• Provided entries:
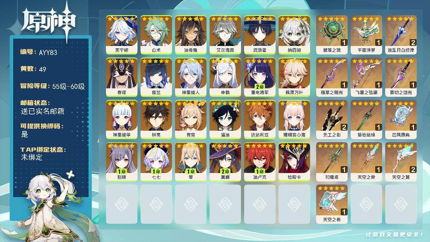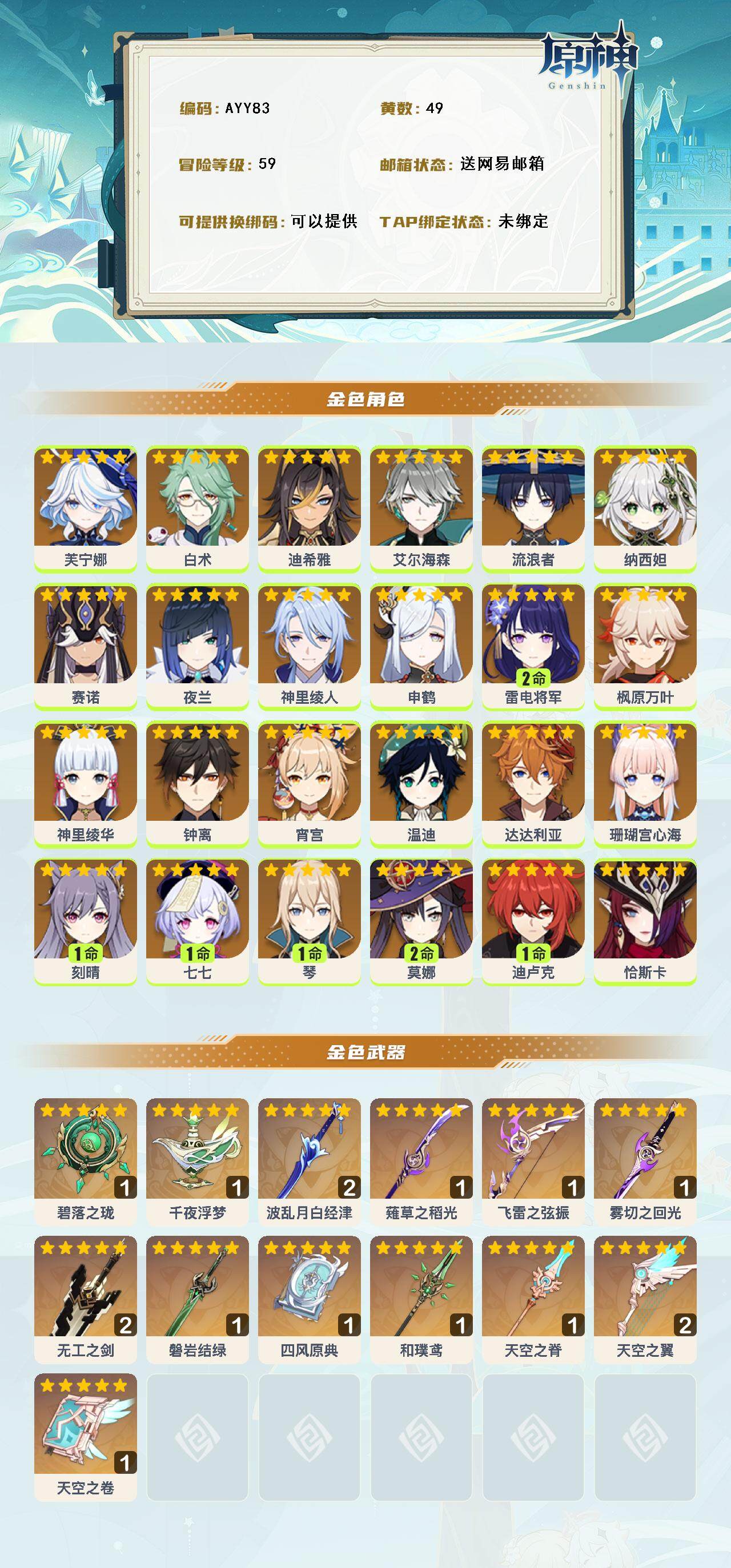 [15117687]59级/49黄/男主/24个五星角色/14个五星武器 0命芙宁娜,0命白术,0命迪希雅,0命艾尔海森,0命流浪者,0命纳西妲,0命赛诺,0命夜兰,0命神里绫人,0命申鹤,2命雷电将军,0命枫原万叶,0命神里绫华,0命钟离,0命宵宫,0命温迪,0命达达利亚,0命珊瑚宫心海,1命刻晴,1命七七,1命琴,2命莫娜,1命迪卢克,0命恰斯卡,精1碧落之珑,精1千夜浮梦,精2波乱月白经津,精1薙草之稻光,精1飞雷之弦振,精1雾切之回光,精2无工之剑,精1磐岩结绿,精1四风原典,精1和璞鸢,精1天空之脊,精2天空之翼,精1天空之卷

* * *

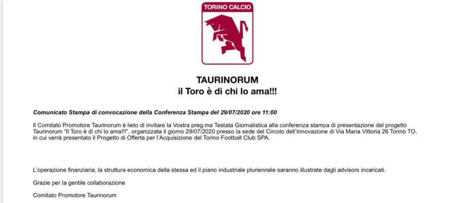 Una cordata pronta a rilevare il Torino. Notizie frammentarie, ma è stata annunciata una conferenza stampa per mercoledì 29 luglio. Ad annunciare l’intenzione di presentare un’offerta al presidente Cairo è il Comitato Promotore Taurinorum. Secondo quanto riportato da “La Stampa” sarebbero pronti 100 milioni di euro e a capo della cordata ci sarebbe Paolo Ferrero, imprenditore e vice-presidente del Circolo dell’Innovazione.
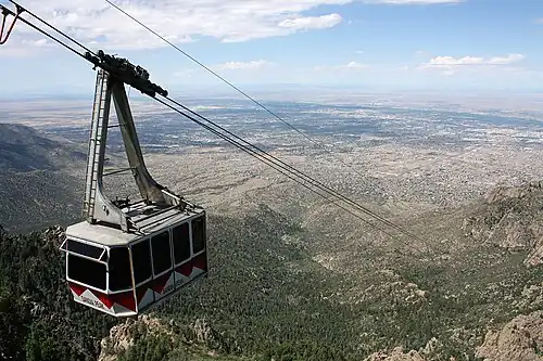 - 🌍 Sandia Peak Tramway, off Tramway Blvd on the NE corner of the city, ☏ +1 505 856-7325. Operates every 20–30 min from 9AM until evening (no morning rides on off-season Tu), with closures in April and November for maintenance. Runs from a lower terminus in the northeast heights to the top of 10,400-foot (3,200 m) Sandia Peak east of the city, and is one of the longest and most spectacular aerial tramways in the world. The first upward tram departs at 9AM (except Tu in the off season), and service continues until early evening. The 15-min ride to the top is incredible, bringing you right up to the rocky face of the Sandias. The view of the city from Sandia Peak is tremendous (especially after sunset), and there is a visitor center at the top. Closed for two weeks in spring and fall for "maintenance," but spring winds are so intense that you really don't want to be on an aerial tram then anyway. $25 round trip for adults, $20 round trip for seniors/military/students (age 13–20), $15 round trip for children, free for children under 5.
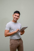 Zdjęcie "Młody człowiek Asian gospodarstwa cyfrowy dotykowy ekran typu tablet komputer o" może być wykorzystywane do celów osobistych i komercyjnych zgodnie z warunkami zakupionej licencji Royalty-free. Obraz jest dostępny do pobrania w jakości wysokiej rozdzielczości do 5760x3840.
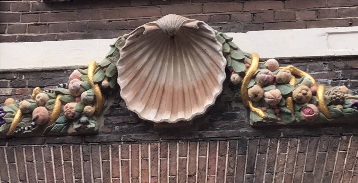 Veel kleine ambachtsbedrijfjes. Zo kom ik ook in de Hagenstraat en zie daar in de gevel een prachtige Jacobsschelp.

---

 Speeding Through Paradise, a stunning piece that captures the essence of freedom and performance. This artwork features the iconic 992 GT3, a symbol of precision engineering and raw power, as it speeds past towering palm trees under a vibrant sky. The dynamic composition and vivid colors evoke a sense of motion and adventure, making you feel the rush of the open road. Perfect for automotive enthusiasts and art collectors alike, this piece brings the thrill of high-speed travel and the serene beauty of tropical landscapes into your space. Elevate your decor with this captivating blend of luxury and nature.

• Work instruction:
Could you output exactly the lines above, from the line with "- 🌍 Sandia Peak" up to and including the line with "Veel kleine ambachtsbedrijfjes.", and nothing else, skipping the pictures?

• Result:
 - 🌍 Sandia Peak Tramway, off Tramway Blvd on the NE corner of the city, ☏ +1 505 856-7325. Operates every 20–30 min from 9AM until evening (no morning rides on off-season Tu), with closures in April and November for maintenance. Runs from a lower terminus in the northeast heights to the top of 10,400-foot (3,200 m) Sandia Peak east of the city, and is one of the longest and most spectacular aerial tramways in the world. The first upward tram departs at 9AM (except Tu in the off season), and service continues until early evening. The 15-min ride to the top is incredible, bringing you right up to the rocky face of the Sandias. The view of the city from Sandia Peak is tremendous (especially after sunset), and there is a visitor center at the top. Closed for two weeks in spring and fall for "maintenance," but spring winds are so intense that you really don't want to be on an aerial tram then anyway. $25 round trip for adults, $20 round trip for seniors/military/students (age 13–20), $15 round trip for children, free for children under 5.
 Zdjęcie "Młody człowiek Asian gospodarstwa cyfrowy dotykowy ekran typu tablet komputer o" może być wykorzystywane do celów osobistych i komercyjnych zgodnie z warunkami zakupionej licencji Royalty-free. Obraz jest dostępny do pobrania w jakości wysokiej rozdzielczości do 5760x3840.
 Veel kleine ambachtsbedrijfjes. Zo kom ik ook in de Hagenstraat en zie daar in de gevel een prachtige Jacobsschelp.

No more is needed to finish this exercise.